The results suggest that the nominal set of parameters (as prescribed in Section 4.2) manifests the best performance and insulin consumption rate. It yields a time-optimal response and accurate reference tracking ability. The nominal set of parameters also avoids causing hypoglycemia in the patients while preserving the IIR efficiency.

b. Sensitivity analysis of LQ-ASMC under variations of β.
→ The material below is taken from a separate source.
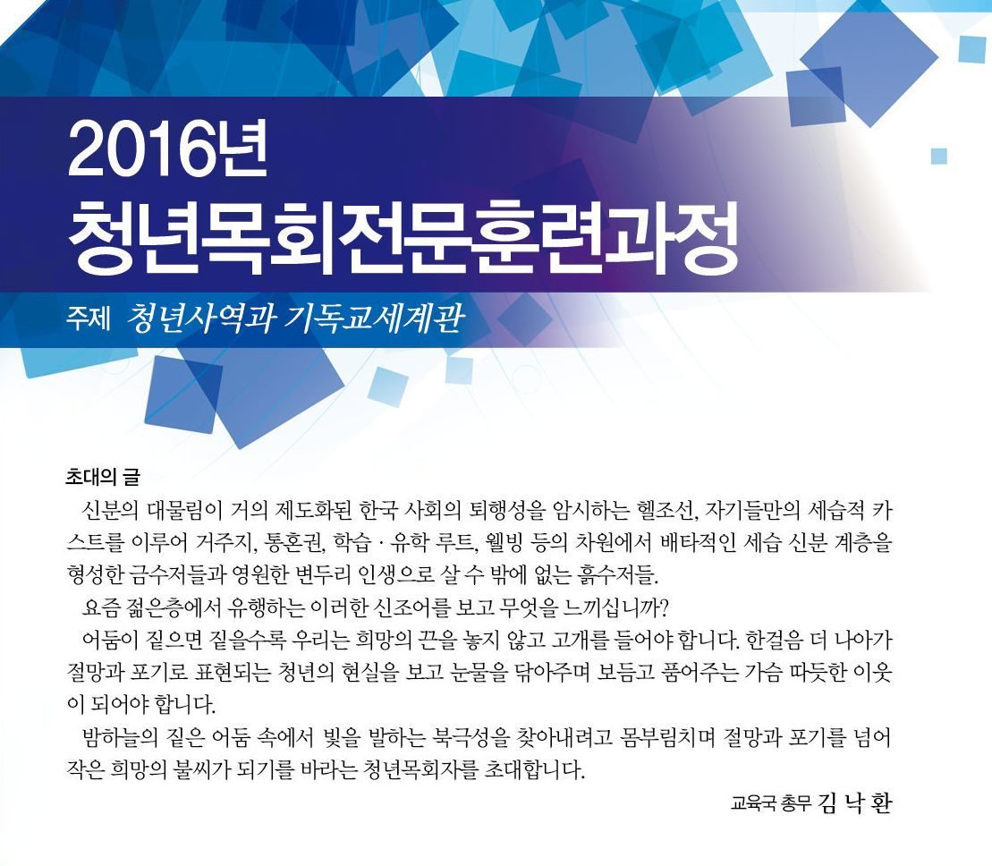 | 오후 | 12:00-14:00 점심식사 14:00–15:30 청년세대를 위한 기독교세계관 (김준영 디렉터) 15:30-17:00 청년현실에 공감하다 (은수미 박사) 17:00-18:00 조별 모임 18:00-19:30 저녁식사 19:30-21:00 청년예배 디자인 (심은수 목사) 21:00-22:00 조별 모임 | 12:00-13:00 점심식사 13:00–14:00 청년설교 준비 (김영석 목사) 14:00-15:00 소그룹과 양육 (김운용 목사) 15:00-15:30 공동 질의와 응답 15:30-16:00 수료식 |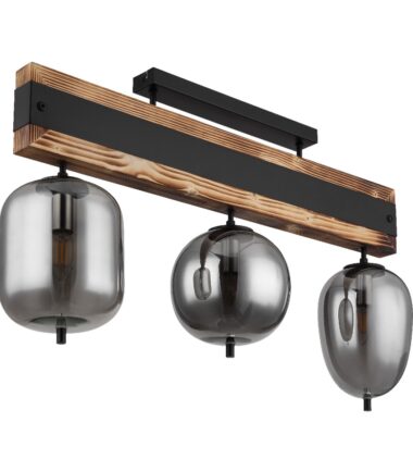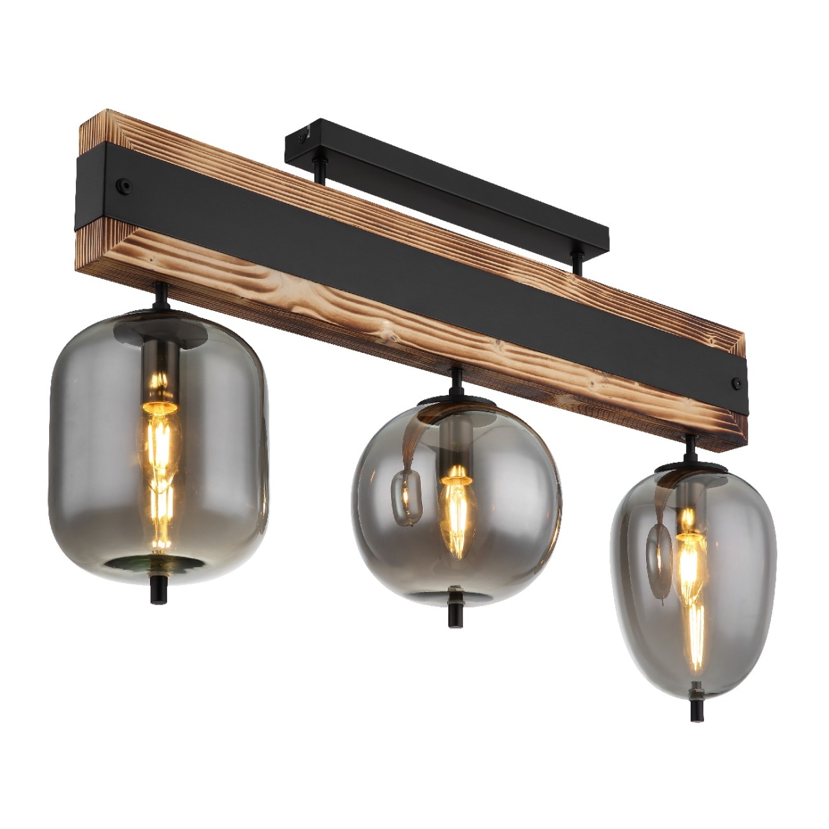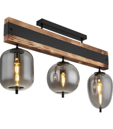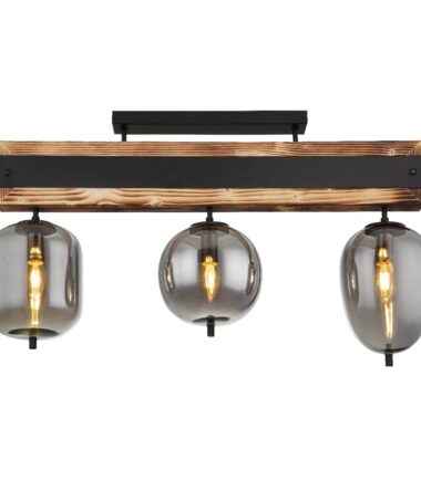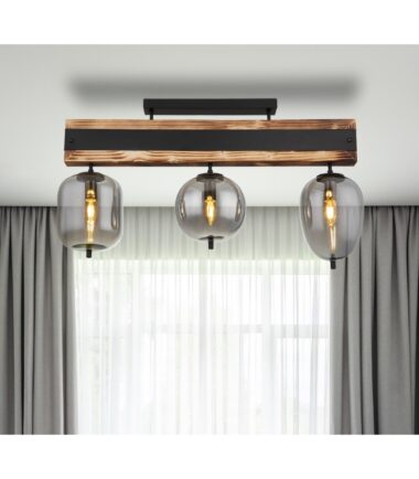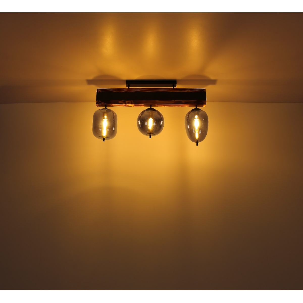 Ova moderna plafonska lampa inspiriše sjajnim dizajnom. Na pravougaonom plfonskim nosaču je oblikovana drvena greda dužine 77.5 cm na kojoj se nalaze tri grla E14, svako sa staklom u boji dima različitog oblika. Grlo E14 vam omogućava da sami odaberete sijalicu do maksimalne snage od 40W, samim tim odredite boju svetla i jačinu. Zbog dugovečnosti i ušede energije preporučujmo LED sijalice.

An additional sensitivity analysis is carried out by introducing a 10.0% increment and a 10.0% decrement in the tuned value of β only. This simulation is done to measure the resilience of the LQ-ASMC to changes in the β. For each modified parameter setting, simulations are conducted to normalize the BG levels of Patient 1 (See Table 2) at 80 mg/dL from an initial value of 200 mg/dL for 500 min. The BG level profiles are recorded and the results are examined to quantify the impact of changes in β on the system’s time-domain performance. Fig 19 shows the BG profiles with LQ-ASMC under different settings of β for Patient 1. The simulation results are summarized in Table 12. The parameter setting with a 10.0% increment (β = 4.93) delivers a relatively aggressive control effort, causing a faster BG convergence rate with a constant offset below the BG setpoint. The parameter settings with a 10.0% decrement (β = 4.03) yield an over-damped response. The results suggest that the nominal value of β yields a reasonable convergence while damping the steady state fluctuations.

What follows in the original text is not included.